O caboclo desceu na rodoviária de Ariquemes. Sua primeira grande cidade. A única talvez, já que vinha de um ermo na mata, onde os pais o haviam colocado no mundo, cercado de bichos e feras.
Alguém teve a idéia de visitar a família e trazê-lo para conhecer a civilização, já que pelas bandas do casebre ninguém chegava. Dias de caminhada e de barco pelo leito de um rio inominável.
Foi levado a um cartório, onde registrou o nome segundo a vontade dos pais. Limbo da Silva.
Ficou extasiado com as casas, os automóveis, o barulho das motos e, principalmente, pelas mulheres. Usavam muitas roupas diferentes, enquanto sua mãe sempre usava um vestido verde ou azul, pois só tinha aqueles dois.
Pouca roupa no mato, poucas palavras. Pouca coisa que dizer ou comentar. Histórias eram desconhecidas, pois os pais só falavam o mínimo necessário.
Ficou parado na frente do semáforo um tempão, hipnotizado pelo brilho da luz vermelha.
Tomou um empurrão para deixar a esquina. Seu cicerone era comerciante de peles de cobra, coisa ilegal.
Limbo não sabia o que era legal ou ilegal, apenas não sabia quase nada.
Foi assim que começou a entregar pacotinhos com uns matinhos esverdeados para seu amigo e protetor. Depois começou a levar pacotinhos com farinha branca também. Geralmente com rapaduras e coisas da roça, para "melhorar a aparência", como dizia seu amigo.
Começou a falar melhor, mas continuou ignorando o conteúdo verdadeiro dos pacotes, embora recomendado para não perguntar nada sobre aquilo.
Durante semanas o esquema deu certo. Foi quando um policial quis comprar a rapadura e o confuso Limbo entregou a maconha por engano. Achando que era gentileza.
No presídio local conheceu outros homens, mas permaneceu tolo. Puxou alguns meses de prisão e foi colocado em liberdade. Saiu babando com a arquitetura da cidade.
Levaram-no embora para São Paulo. Ficou comendo prédios numa esquina perto da Praça da Sé.

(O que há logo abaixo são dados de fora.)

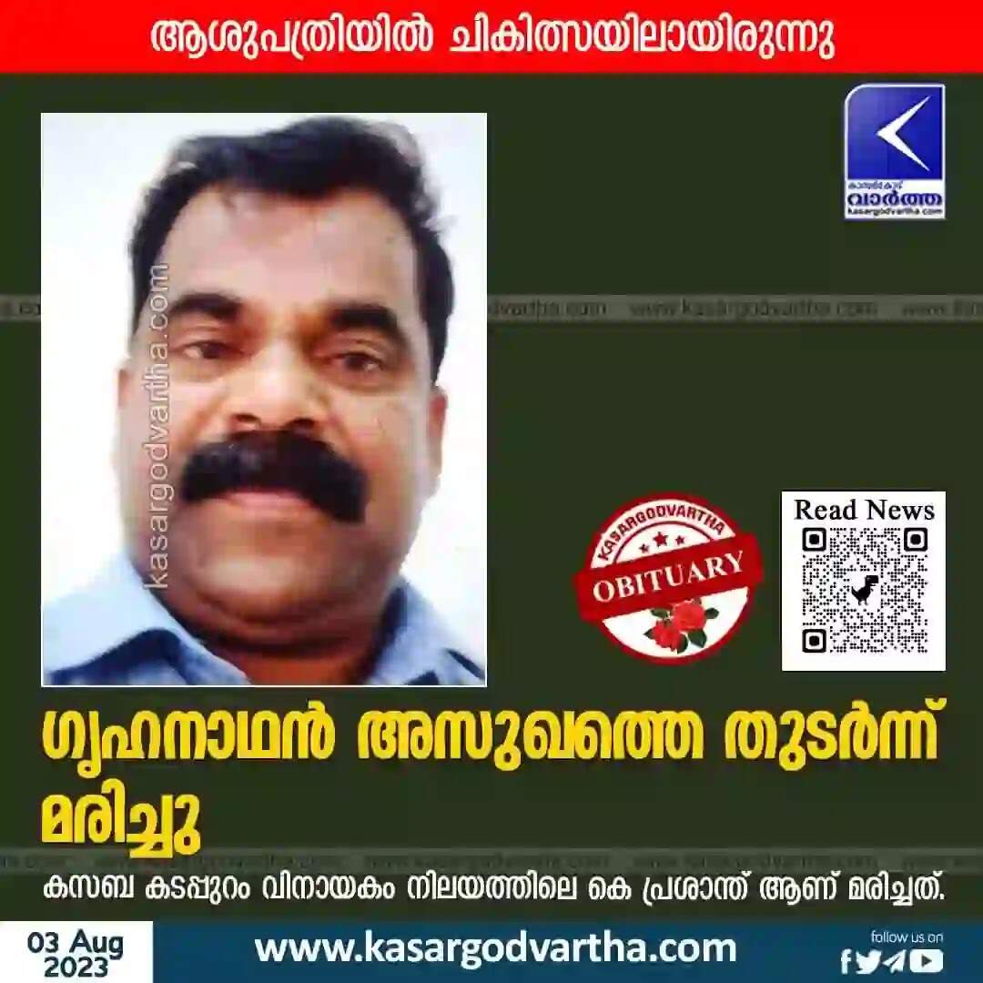 Obituary | ഗൃഹനാഥൻ അസുഖത്തെ തുടർന്ന് മരിച്ചു

Logo foi colocado no esquema de entrega de drogas de novo, embora consciente do risco que corria.
Mas não perdia a mania de comer prédios. Ficava muito tempo de boca aberta na frente dos arranha-céus.
Foi preso com cocaína. Ficou preso para sempre em São Paulo, engolido pelo sistema que pensava engolir.